Fintech Has a Growing Role in Disrupting These 7 Industries

Devin Partida is a prolific writer about crypto, open banking and fintech for publications like Worth, Due, Yahoo! Finance and Entrepreneur.


Few technology fields today are as disruptive as fintech. These unconventional financial apps and services have already reshaped banks, with more than half of Americans using digital banking as of 2018. Still, this is just the beginning of fintech’s potential.

Many industries are starting to adapt as new financial technologies provide an answer to long-standing problems. Here are seven sectors fintech is disrupting.

1. Payments

disrupting payments

Perhaps fintech’s greatest disruptive potential apart from banking lies in the payment sector. This industry was one of the first to experience widespread disruption, with apps like Venmo and Cash App providing quick, easy, peer-to-peer (P2P) payments.

P2P payment apps have redefined the sector, with 79% of consumers in 2020 using some form of one. Further, these services are becoming more popular and are starting to break into the commercial space as well. More stores are accepting app-based payment, a trend that could potentially lead to them surpassing cash as credit once did.

2. Investment

A newer but quickly growing fintech application is investment apps. Stock trading was once the exclusive domain of the comparatively wealthy and those with deep knowledge of the stock market. Apps with low fees, easy-to-understand charts and fractional stock buying options have made it more accessible.

Fintech services like Robinhood and E*TRADE make it easier for users to understand and buy stocks, regardless of their experience. Improved artificial intelligence (AI) predictions can also offer reliable replacements to traditional investment advice avenues. The stock market itself will adapt as investing becomes a more widespread practice.

3. Healthcare

With its high fees and urgent demand, the health care industry is ripe for fintech-driven disruption. Lowering medical expenses isn’t easy when hospitals spend $11.9 million on surgical equipment alone, but fintech provides an answer. Moreover, these services let patients understand their bills more easily, restructure their insurance payments, find lower prices and more.

Medical billing is complicated, so startups can see impressive adoption rates by making it easier for consumers to manage. Likewise, apps that provide more insight and advice into lowering these expenses can help decrease historically high rates of medical debt.

4. Insurance

Fintech’s role in the insurance industry has seen rapid growth recently.
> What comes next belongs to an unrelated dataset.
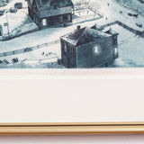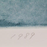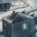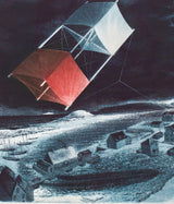 "Uncle Cluny’s Kite over Wesleyville", 1989 depicts the town in Newfoundland where Blackhood was born and employs the aquatint variation of the intaglio printmaking.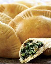 4.On a lightly floured surface, roll each ball of dough to a 5-inch round. Spread the spinach filling over half of each round, leaving a 1/2-inch border. Brush the rims with water and fold the dough over to enclose the filling; pinch the edges to seal.

Like medical apps, insurtech services let customers compare rates, look for ways to lower their premiums or offer cheaper, more customizable alternatives. Some even enable P2P lending as a basis for insurance.

These services may be relatively new, but they’re poised to disrupt the industry. Insurtech startups received more than $2.2 billion in funding in the first half of 2019, almost as much as all of 2018.

disrupting insurance

5. Lending

Likewise, another industry fintech is disrupting by making it more accessible is lending. Vehicle loans, payday loans and other types of B2C lending have historically had high barriers to entry and even predatory practices. Fintech alternatives improve transparency and remove traditional barriers to access.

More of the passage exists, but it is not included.